### What this task involves
Reproduce exactly the lines of this material that begin at the line with "for us ***** j- |" and end at the line with "Add some sparkle", both included. Omit the pictures and everything else.

### Data to examine
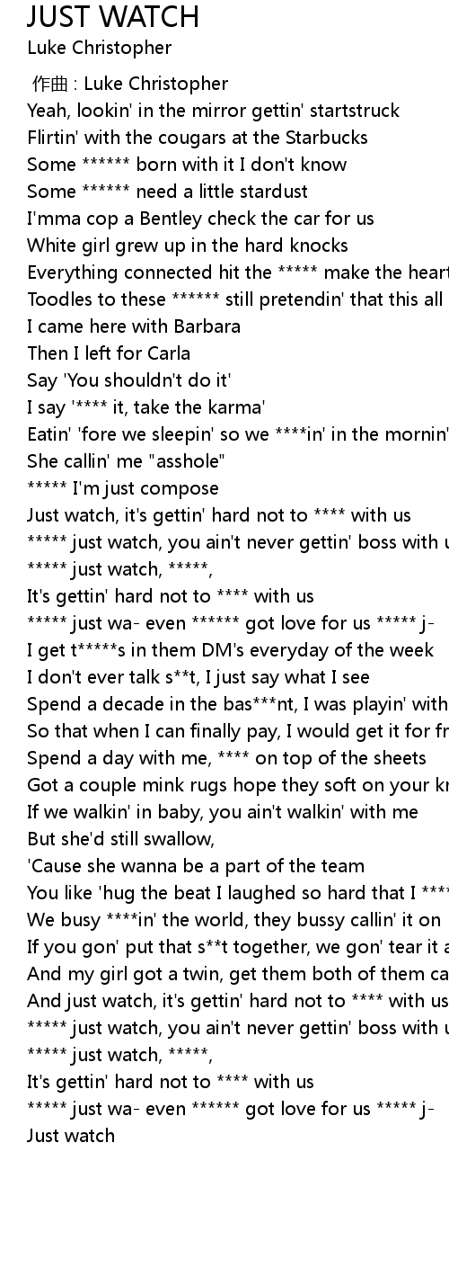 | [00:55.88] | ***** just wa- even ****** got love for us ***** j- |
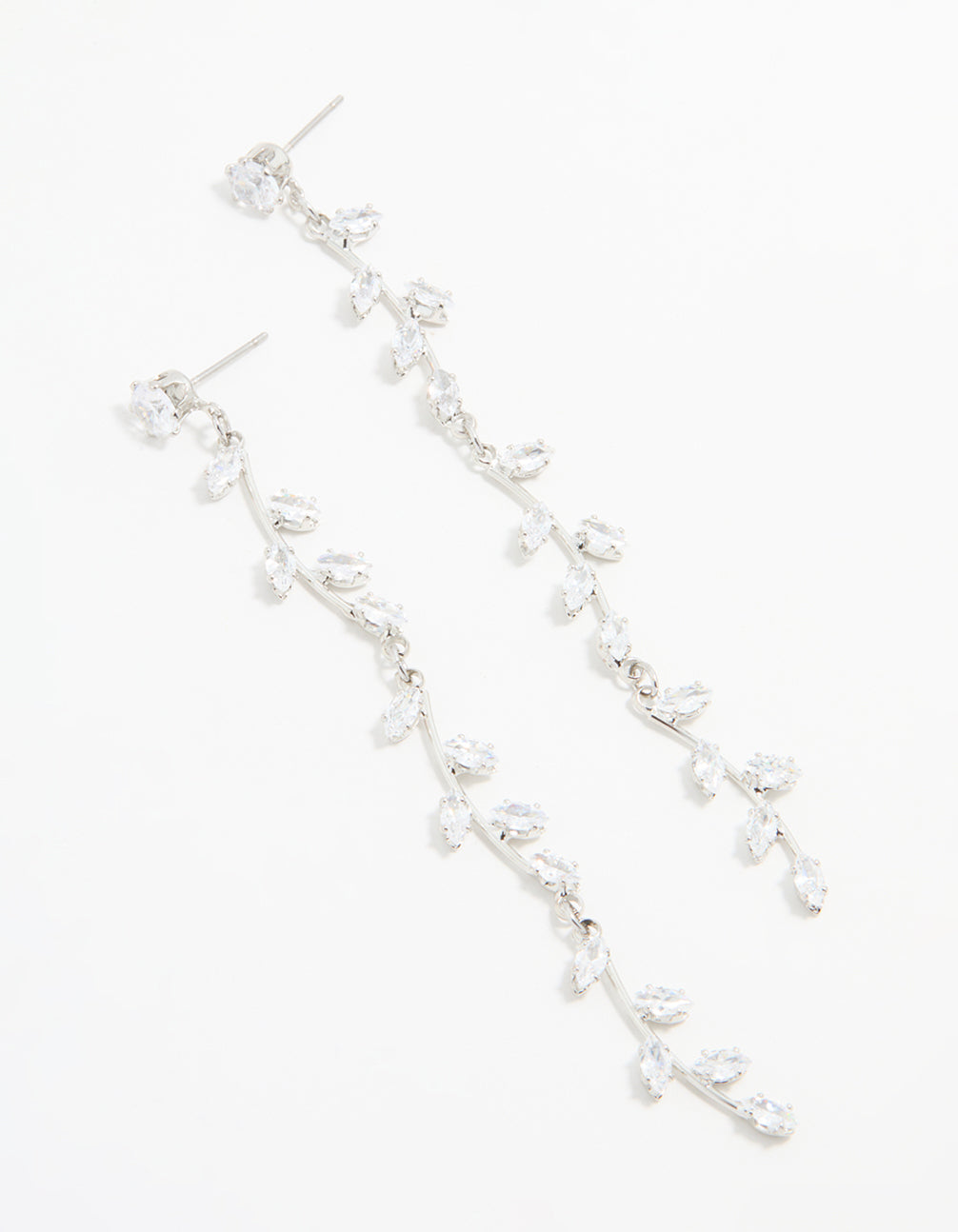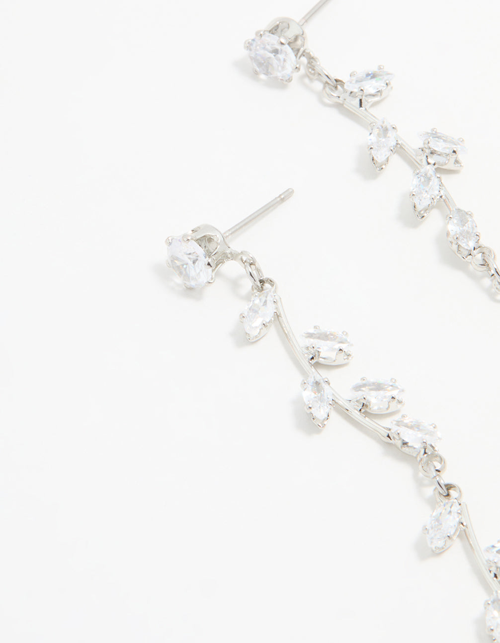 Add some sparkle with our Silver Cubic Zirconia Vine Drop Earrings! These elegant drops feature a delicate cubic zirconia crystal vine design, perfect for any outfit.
--
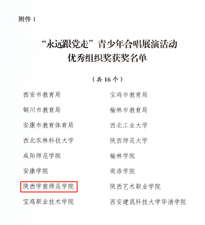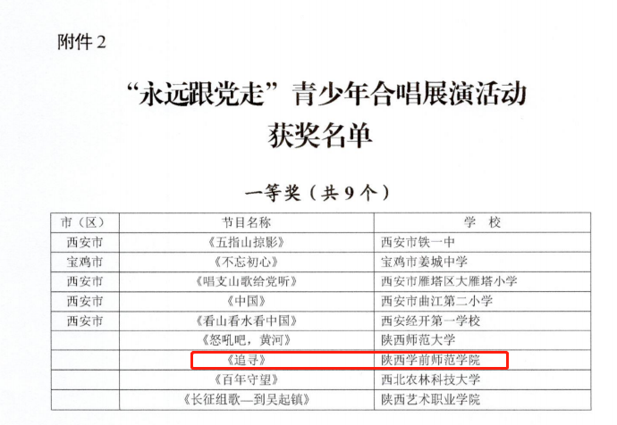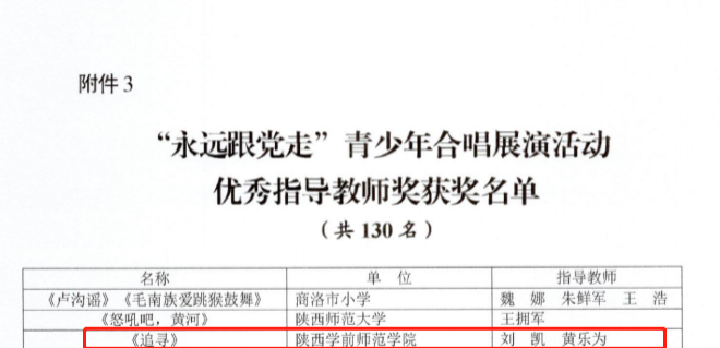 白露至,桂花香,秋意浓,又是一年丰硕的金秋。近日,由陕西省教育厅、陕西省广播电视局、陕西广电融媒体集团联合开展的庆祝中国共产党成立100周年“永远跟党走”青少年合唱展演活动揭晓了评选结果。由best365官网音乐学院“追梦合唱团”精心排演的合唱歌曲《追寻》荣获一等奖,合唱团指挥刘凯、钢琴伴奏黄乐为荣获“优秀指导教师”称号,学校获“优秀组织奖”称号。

### Expected answer
 | [00:55.88] | ***** just wa- even ****** got love for us ***** j- |
 Add some sparkle with our Silver Cubic Zirconia Vine Drop Earrings! These elegant drops feature a delicate cubic zirconia crystal vine design, perfect for any outfit.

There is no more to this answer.